I also know that ergodicity implies that for all $B\in \mathcal{A}$ $$\mu\left(T^{-1}(B)\triangle B\right)=0\Rightarrow \mu(B)=0 ~~\text{or}~~1$$
I also thought about using Pointcaré's recurrence theorem, and I see that my statement above is somehow a generalisation of the theorem where we have an additional assumption, namely that $T$ is ergodic. But I don't see how to get from the recurrence theorem my above exercise. One idea was to say that since $$\{x\in A: \exists~ n\geq 1 ~~\text{s.t}~~T^n(x)\in A\}\subset \{x\in X: \exists~ n\geq 1 ~~\text{s.t}~~T^n(x)\in A\}$$ we know that $$1=\mu(\{x\in A: \exists~ n\geq 1 ~~\text{s.t}~~T^n(x)\in A\})\leq \mu(\{x\in X: \exists~ n\geq 1 ~~\text{s.t}~~T^n(x)\in A\})$$ I don't use ergodicity here but I don't see where it's needed, so I think it is wrong.

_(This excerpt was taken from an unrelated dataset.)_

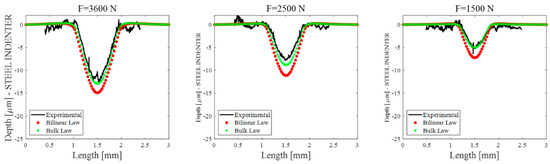 Figure 10 shows the indentation results in terms of the residual indentation profiles obtained considering the ceramic indenter (Si3N4) pressed against the steel sample (100Cr6). The blue curve represents the experimental indention profile, while the red and green curves represent the numerical indentation profiles recovered using the bilinear material law and the bulk material law, respectively. The results in the figure highlight the consistency between the experiments and numerical results obtained using the bilinear law, confirming the representativeness of the bilinear law for larger plastic fields. On the other hand, the residual indentation depths recovered using the bulk law confirmed the overestimated values for the higher loads obtained in the previous section.

but also this does not help me further.
Can someone help me?
I think that a nice approach is to note that the set $$ \bigl\{x\in X: \exists k\geq 1 \text{ such that }T^kx\in B\bigr\}=\bigcup_{k\ge1}T^{-k}B=:C $$ is invariant (modulo sets of measure zero). Indeed, $T^{-1}C=\bigcup_{k\ge2}T^{-k}B\subset C$, but $$ 0\le\mu(C\setminus T^{-1}C)=\mu(C)-\mu(T^{-1}C)=0 $$ because the measure is invariant. On the other hand, $C$ has positive measure (it contains $T^{-1}B$, which has measure $\mu(T^{-1}B)=\mu(B)>0$). Since $\mu$ is ergodic, the set $C$ has full measure.